The 9150 comes in only one size. This time there is no small or medium cage style. It is a one size fits all design. This includes working properly with a compact chainset. With a maximum front teeth difference of 16, the derailleur will have no trouble managing a 50-34 compact chain ring setup. Another popular climbing chainring setup is 52-36 which is also well suited to be in the range of this derailleur. Big mountain climbers with compact gears and an 11-30 cassette will have no issues with this derailleur.

Since Dura Ace is the pinnacle of Shimano road groupsets, it is expected to be the cream of the crop with no expense spared in the design and the selection of materials. As such, the derailleur weighs in at a light weight 197 grams. For gram counters that want Di2 shifting, this derailleur compares well to its main competitors.

How does the 9150 Perform in Real Life?

The feel of the derailleur shifting under load is both crisp and smooth. Shifting is effortless and sufficiently snappy even when encountering high pedal torque situations. Synchronized shifting also helps to minimize stress on the drivetrain while maintain accurate and powerful shifting. Combined with the light shift action of the newly designed 9170 shifters, the chain breezes up and down the cassette with enough positive click feedback to be sure and satisfying.

Most Dura Ace groupset owners are likely to be more experienced riders. Counting myself among them, I feel that my old habits of shifting manually are difficult to change and this makes relying on syncro shift somewhat challenging. A complete rework of a lifetime of shifting habits would have to be re-wired and forced to allow the use of automated shifting. Syncro shift or semi syncro shift will likely work better for riding styles or terrains where the rider doesn’t want to think about cross chain gears and would prefer to let the Shimano computer control it.

Benefits of Electronic Di2 Shifting

One of the best features of electronic shifting is the auto trim. The Di2 derailleur can precisely position itself over the correct cassette cog. This makes ever shift exactly perfect and unlike cable actuated derailleurs, will not rub the adjacent cog or skip because the cable tension isn’t just right. If you are coming from a bike or groupset with cable shifting, you will notice this as a welcome improvement. There is nothing more annoying than being unable to shift smoothly into the desired gear when under stressful conditions.

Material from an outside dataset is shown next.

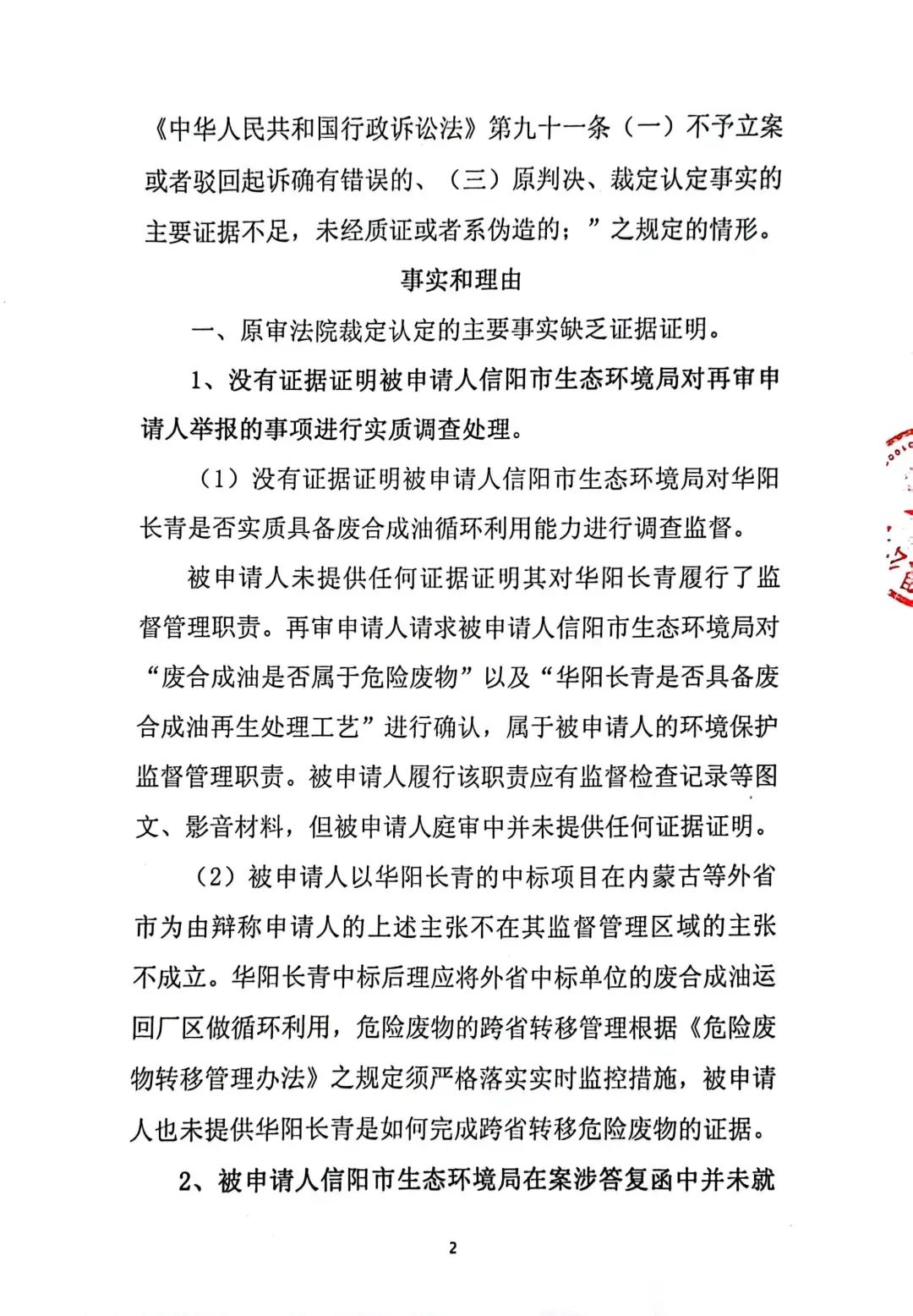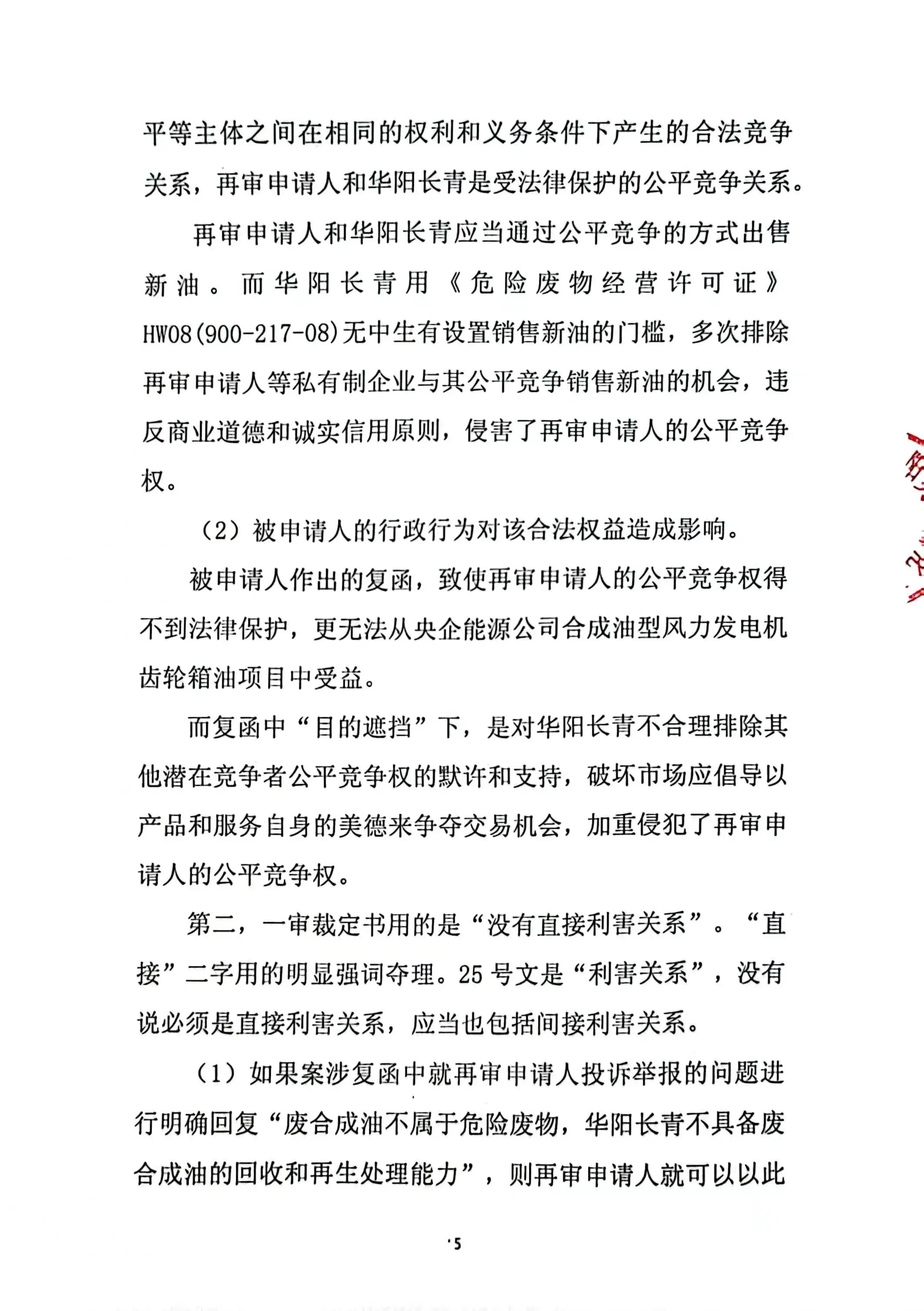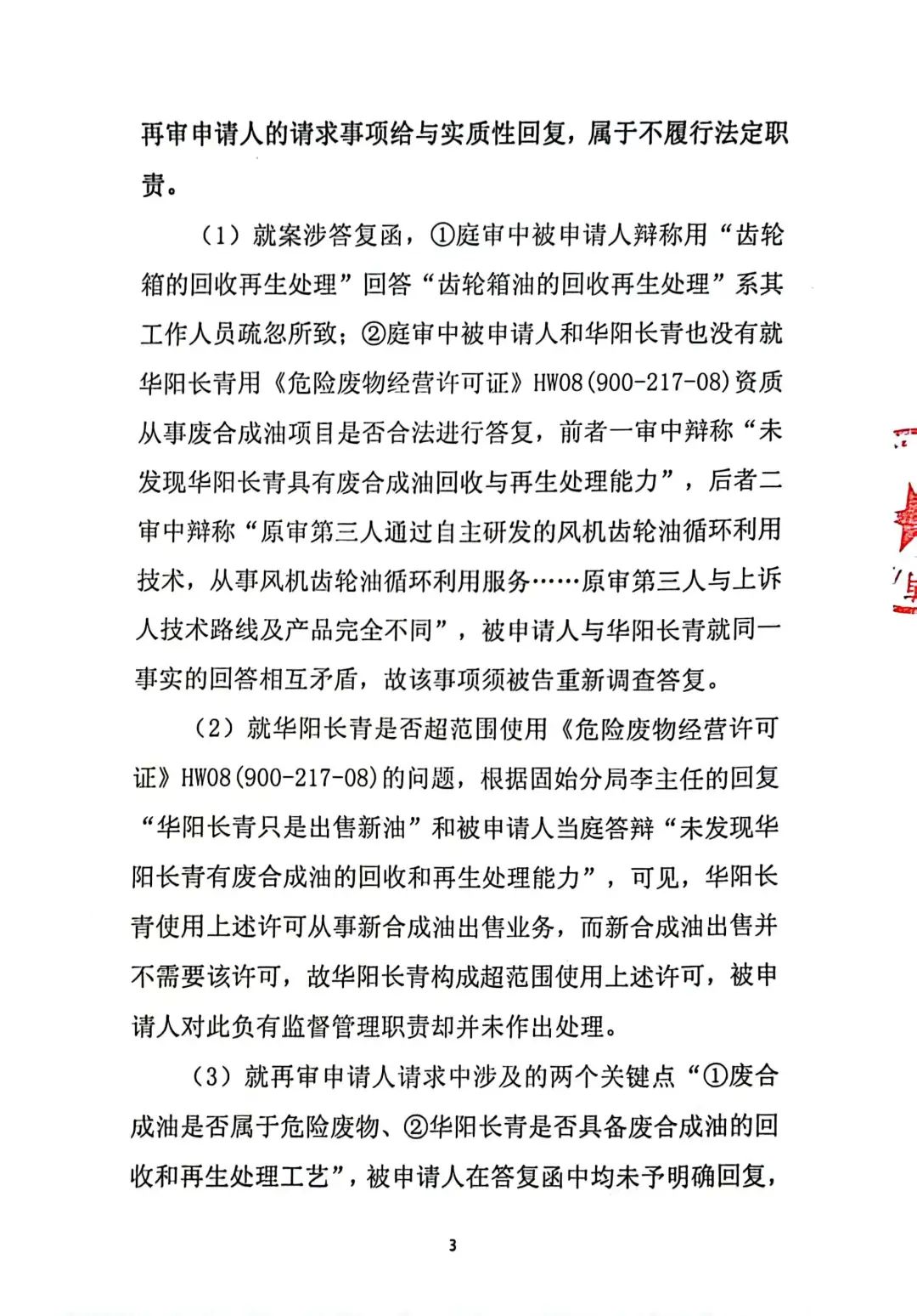 奧吉娜公司在再審申請中再次要求對兩個關鍵問題進行法庭調查:1、《調查處理函》中的回答是錯誤的。信陽市生態(tài)環(huán)境局依據(jù)《國家危險廢物名錄(2021版)》認定廢合成油不屬于危險廢物,不需要《危險廢物許可證》這種回答是錯誤的,而且作為一個市級行政職能部門信陽市生態(tài)環(huán)境局也無權作出這種認定。2、根據(jù)奧吉娜公司對目前廢合成型風電潤滑油再生技術的了解,華陽長青公司不具備廢合成型風電潤滑油的再生能力,所謂的再生處理存在造假和欺騙的嫌疑!

Dura Ace 9150 Di2 Rear Derailleur Quality

The aesthetics of the rear derailleur are somewhere between bland and classy. It may not be eye popping or ground breaking but it looks refined, polished and of the quality one has come to expect with Dura Ace. Considering the electronics involved, the 9150 derailleur is subtle and sleek with a black anodized polished finish. The jockey wheel cage is carbon fiber and houses a jockey wheel and guide wheel.